This is of neglible use here, but it allows new RPC methods to take outputs as their first argument and make inputs optional.
PR description:
> walletcreatefundedpsbt has some interesting features that sendtoaddress and sendmany don't have:
>
> - manual coin selection
> - outputting a PSBT
> - create a transaction without adding to wallet (which leads to broadcasting, unless -walletbroadcast=0)
>
>At the same time walletcreatefundedpsbt can't broadcast a transaction, which is inconvenient for simple use cases.
>
> This PR introduces a new send RPC method which creates a PSBT, signs it if possible and adds it to the wallet by default.

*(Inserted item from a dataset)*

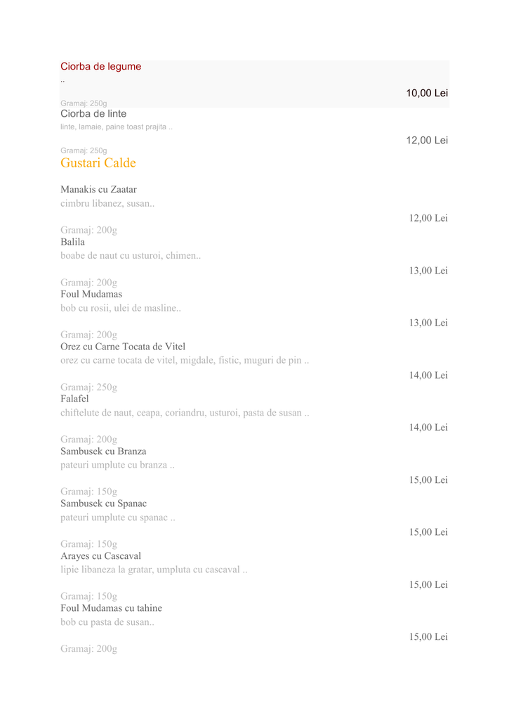 Ciorba de legume .. 10,00 Lei Gramaj: 250g Ciorba de linte linte, lamaie, paine toast prajita .. 12,00 Lei Gramaj: 250g Gustari Calde Manakis cu Zaatar cimbru libanez, susan.. 12,00 Lei Gramaj: 200g Balila boabe de naut cu usturoi, chimen.. 13,00 Lei Gramaj: 200g Foul Mudamas bob cu rosii, ulei de masline.. 13,00 Lei Gramaj: 200g Orez cu Carne Tocata de Vitel orez cu carne tocata de vitel, migdale, fistic, muguri de pin .. 14,00 Lei Gramaj: 250g Falafel chiftelute de naut, ceapa, coriandru, usturoi, pasta de susan .. 14,00 Lei Gramaj: 200g Sambusek cu Branza pateuri umplute cu branza .. 15,00 Lei Gramaj: 150g Sambusek cu Spanac pateuri umplute cu spanac .. 15,00 Lei Gramaj: 150g Arayes cu Cascaval lipie libaneza la gratar, umpluta cu cascaval .. 15,00 Lei Gramaj: 150g Foul Mudamas cu tahine bob cu pasta de susan.. 15,00 Lei Gramaj: 200g Lahmajun lipie libaneza la gratar umpluta cu carne, ceapa, rosii la cuptor.. 15,00 Lei Gramaj: 200g Sambusek cu Carne pateuri umplute cu carne de vitel .. 15,00 Lei Gramaj: 150g Arayes cu Pui, cascaval si ciuperci lipie libaneza la gratar, umpluta cu piept de pui, cascaval si ciuperci .. 16,00 Lei Gramaj: 150g Ficatei de Pui cu Sos ficatei de pui cu sos de usturoi, coriandru.. 16,00 Lei Gramaj: 200g Fatteh Humus Simpla pasta de susan, boabe de naut, iaurt, usturoi, chimen, muguri de pin .. 16,00 Lei Gramaj: 250g Macanek cu Sos Acrisor Sujuk cu Sos de Rosii si Usturoi carnati picanti cu sos de rosii si usturoi .. 16,00 Lei Gramaj: 200g Limba cu Sos de Usturoi si Lamaie .. 16,00 Lei Gramaj: 200g Arayes Kafta (Maria) lipie libaneza la gratar, umpluta cu carne tocata de vita si berbecut, rosii, ceapa, patrunjel.. 16,00 Lei Gramaj: 150g Arayes Toska lipie libaneza la gratar, umpluta cu carne tocata de vita si berbecut, rosii, ceapa, patrunjel, bran.. 16,00 Lei Gramaj: 150g Kebbeh Prajita chiftelute umplute cu carne tocata de vitel, muguri de pin, nuca .. 17,00 Lei Gramaj: 150g Fatteh Humus cu Carne de Vitel carne de vitel tocata cu pasta de susan, boabe de naut, iaurt, usturoi, chimen, muguri de pin.. 18,00 Lei Gramaj: 250g Pui Tulin cu Sos piept de pui cu sos de usturoi, coriandru, suc de lamaie .. 20,00 Lei Gramaj: 200g Shaworma de Pui .. 20,00 Lei Gramaj: 200g Ras Asfur de Pui cu Suc de Rodii cubulete din piept de pui, ceapa, suc de rodii, suc de lamaie, coriandru .. 22,00 Lei Gramaj: 200g Sarhat de Pui cu Sos felii din piept de pui cu sos de usturoi, coriandru .. 22,00 Lei Gramaj: 200g Aripioare de Pui Prajite cu Sos aripioare de pui cu sos de usturoi, coriandru .. 23,00 Lei Gramaj: 200g Ras Asfur de Vita cu Suc de Rodii bucatele din muschi de vita, ceapa, suc de rodii, suc de lamaie .. 25,00 Lei Gramaj: 200g Shaworma de vita .. 25,00 Lei Gramaj: 200g Sarhat de Vitel cu Sos felii din muschi de vitel cu sos de usturoi, menta .. 25,00 Lei Gramaj: 200g Aripioare de pui dezosate pane cu sos iute .. 25,00 Lei Gramaj: 250g Shaworma de Pui cu Cartofi Prajiti .. 26,00 Lei Gramaj: 400g Shaworma de vita cu cartofi prajiti .. 30,00 Lei Gramaj: 400g Peste Pui de Balta Prajit .. 30,00 Lei Gramaj: 200g Dorada Prajita .. 50,00 Lei Gramaj: 500g Dorada la Gratar .. 50,00 Lei Gramaj: 500g Creveti fierti .. 145,00 Lei Gramaj: 500g Creveti la Gratar .. 145,00 Lei Gramaj: 500g Gratar Uzii rasol de berbec la tava cu orez, nuca, migdale si fistic doar la comanda, pretul se calculeaz.. 0,00 Lei Gramaj: doar la comanda Berbec la tava cu orez doar la comanda, pretul se calculaza in functie de kg .. 0,00 Lei Macanek la Gratar carnaciori libanezi din carne de berbecut si vitel .. 20,00 Lei Gramaj: 200g Sujuk la Gratar carnati picanti din carne de berbecut si vitel .. 20,00 Lei Gramaj: 200g Piept de Pui la Gratar .. 20,00 Lei Gramaj: 250g Branza la Gratar .. 22,00 Lei Gramaj: 200g Aripioare de Pui la Gratar .. 26,00 Lei Gramaj: 250g Shish Tawouk Frigarui din piept de pui.. 26,00 Lei Gramaj: 200g Kebab carne tocata de vitel si berbecut.. 26,00 Lei Gramaj: 200g Kebab Iaurt carne tocata de vitel si berbec cu sos de iaurt, menta, usturoi.. 28,00 Lei Gramaj: 200g Kebab Orfali carne tocata de vitel si berbec cu sos de rosii iute.. 28,00 Lei Gramaj: 250g Cotlete de Berbecut .. 28,00 Lei Gramaj: 250g Ismerli carne tocata de vitel si berbecut, nuca, ciuperci, muguri de pin, branza.. 30,00 Lei Gramaj: 200g Kebab Adana carne tocata de vitel si berbecut, usturoi, patrunjel, condimente, ardei iute.. 30,00 Lei Gramaj: 200g Pui de Casa Dezosat(1 pers) .. 30,00 Lei Gramaj: 500g Gratar Kebe al Sih carne tocata cu grau si muguri de pin .. 30,00 Lei Gramaj: 250g Frigarui din Muschi de Vitel .. 32,00 Lei Gramaj: 200g Frigarui din Muschi de Berbecut .. 32,00 Lei Gramaj: 200g Mixtgrill frigarui de vita, frigarui de pui, kebab .. 38,00 Lei Gramaj: 300g Muschi de Vita la Gratar .. 45,00 Lei Gramaj: 200g Sarhat de Vita la Gratar felii din muschi de vita la gratar .. 45,00 Lei Gramaj: 200g Pui de casa dezosat(2 pers) .. 60,00 Lei Gramaj: 1000g Majuca carne de vitel si oaie, branza, ciuperci, muguri de pin .. 80,00 Lei Gramaj: 800g Garnituri Cartofi Natur .. 6,00 Lei Gramaj: 200g Cartofi Prajiti Simpli .. 6,00 Lei Gramaj: 200g Cartofi Prajiti cu Usturoi si Menta .. 7,00 Lei Gramaj: 200g Cartofi Piure .. 7,00 Lei Gramaj: 200g Orez Alb Simplu .. 7,00 Lei Gramaj: 200g Legume Sote .. 8,00 Lei Gramaj: 200g Ciuperci Sote .. 10,00 Lei Gramaj: 200g Orez cu Legume .. 10,00 Lei Gramaj: 200g Friche Simpla grau .. 12,00 Lei Gramaj: 200g Cartofi Iuti cartofi prajiti cu pasta iute, usturoi.. 12,00 Lei Gramaj: 200g Friche cu carne tocata de vitel carne tocata cu grau, migdale, fistic, muguri de pin .. 15,00 Lei Gramaj: 200g Legume la Gratar rosii, ceapa, ardei gras, ardei iute.. 20,00 Lei Gramaj: 200g Salate Salata de Varza .. 8,00 Lei Gramaj: 250g Castraveti Murati, ardei iute, masline .. 8,00 Lei Gramaj: 250g Salata de Castraveti cu Ceapa .. 10,00 Lei Gramaj: 250g Salata de Rosii .. 10,00 Lei Gramaj: 250g Salata Verde .. 10,00 Lei Gramaj: 250g Tatichi iaurt cu castraveti, menta, usturoi .. 12,00 Lei Gramaj: 200g Salata Mixt

If it can't sign all inputs, it outputs a PSBT. If add_to_wallet is set to false it will return the transaction in both PSBT and hex format.
>
> Because it uses a PSBT internally, it will much easier to add hardware wallet support to this method (see #16546).
>
> For bitcoin-cli users, it tries to keep the simplest use case easy to use:
>
> `bitcoin-cli -regtest send '{"ADDRESS": 0.1}' 1 sat/b`
>
> This paves the way for deprecating sendtoaddress and sendmany though there's no rush. The only missing feature compared to these older methods is adding labels to a destination address.